Unlike many popular medications prescribed for a wide range of ailments, Invokana is not advertised as being “fast acting.” However, it is indeed fast acting – but unfortunately, not in ways the manufacturers intended.

Just ask some of the plaintiffs in recently filed Invokana lawsuits.

For example, lawyers for Robert Partington of Alabama stated that their client had been taking Invokana less than two years before his kidneys started to fail. But in some cases, Invokana works far more quickly than that.

For example, there is the case of Cornelius Benjamin, who lived in South Carolina. In April of 2013, Benjamin’s physician prescribed Invokana for the treatment of his Type-2 diabetes. Within a few weeks, his kidneys were severely damaged and he wound up suffering a stroke. Within two months of starting Invokana, Cornelius Benjamin was dead.

Later that year, Maria Puentes of Texas started taking Invokana. Her doctor prescribed the medication in October. Within a month, Ms. Puentes suffered diabetic ketoacidosis, a deadly condition in which the blood pH levels drop to dangerous levels, causing it to become highly acidic. This led to pyelonephritis, a serious infection that all but destroyed her kidneys.

The bitter irony here is that Invokana was intended to prevent those very conditions. Pyelonephritis, a bacterial inflammation, can result from a number of causes, but is a common risk for people with untreated Type 2 diabetes. In two of the three cases outlined above, plaintiffs developed pyelonephritis within weeks of starting Invokana – and one of them died as a result.

Plaintiffs allege that manufacturer Mitsubishi Tanabe and its partners, Janssen Pharmaceuticals and parent company Johnson & Johnson, were well aware of these risks, and failed to warn the medical community.
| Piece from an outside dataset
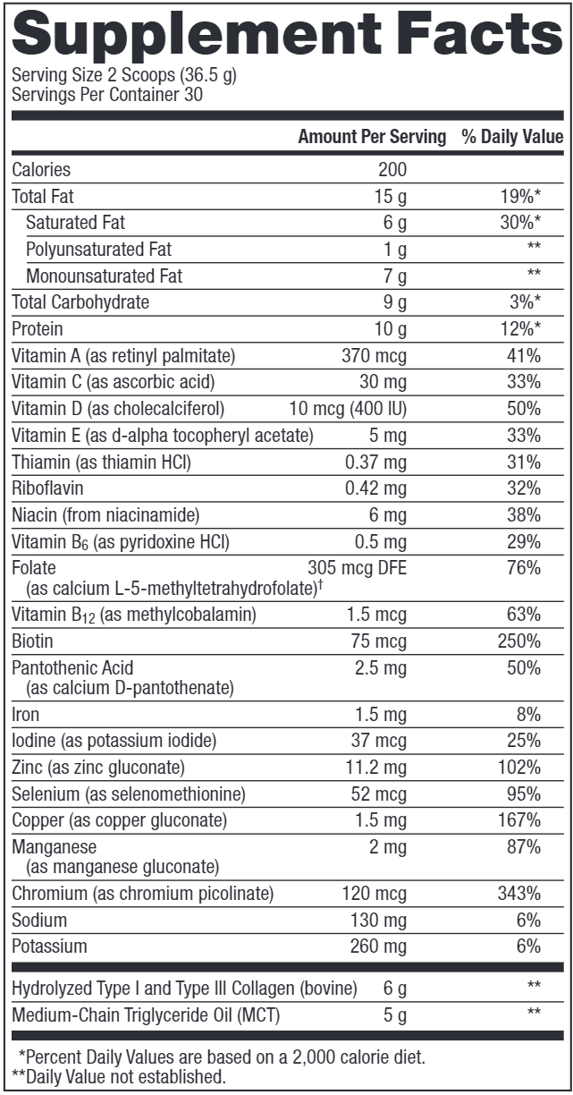 Ketogenic Collagen is formulated to exclude dairy, lactose, soy, wheat, gluten, and is keto- and paleo-friendly. Not only does it have a 70:20:10 ratio of fat, protein, and carbohydrates, it also contains grass-fed‡‡ and pasture-raised collagen peptides types I and III to support skin, nails, bones, and joint health.* Features MCTs for a convenient, multifaceted approach to a ketogenic lifestyle.

The historical record supports these allegations. Even before Janssen submitted its application to the FDA for approval of the drug, several concerns were raised about its effectiveness and possible side effects. Two months prior to FDA’s approval of Invokana, a prominent endocrinologist, Dr. Sidney Wolfe, raised a number of concerns at a meeting of the federal agency’s Endocrinologic and Metabolic Drugs Advisory Committee (EMDA).

At that meeting, Dr. Wolfe pointed out that Janssen’s request for FDA approval was based on a single criterion: its effectiveness on lowering hemoglobin A1c levels. This is a measure of a patient’s long term blood sugar control. Indeed, Invokana did well on that score – but no better than other tried-and-proven diabetic medications, such as metformin (which is still taken by those on Invokana).

At the time, Dr. Wolfe pointed out that, compared to metformin, there was “no evidence of any improved clinical outcomes” from Invokana. He added that its effectiveness in controlling hemoglobin A1c levels should be “balanced against a number of serious safety signals identified in the clinical trials.”

Nonetheless, the FDA went ahead and gave its conditional approval to Janssen in March of 2013 – and dozens of people have paid the price, in some cases with their lives.

While it has yet to be proven, there is a historical pattern of corporate behavior strongly suggesting that the manufacturers and marketers of Invokana were fully aware of the risks, and were willing to sacrifice human lives for the sake of profits. Their accountants crunched the numbers, and determined that potential profits outweighed the possibility of having to pay out a few million in judgments. Anyway, those judgments and legal costs can always be written off on April 15th as the “cost of doing business.”

Perhaps one solution that could save people like Cornelius Benjamin in the future would be to change the tax code – but since corporate “people” often write our tax laws, don’t expect any change in that direction anytime soon.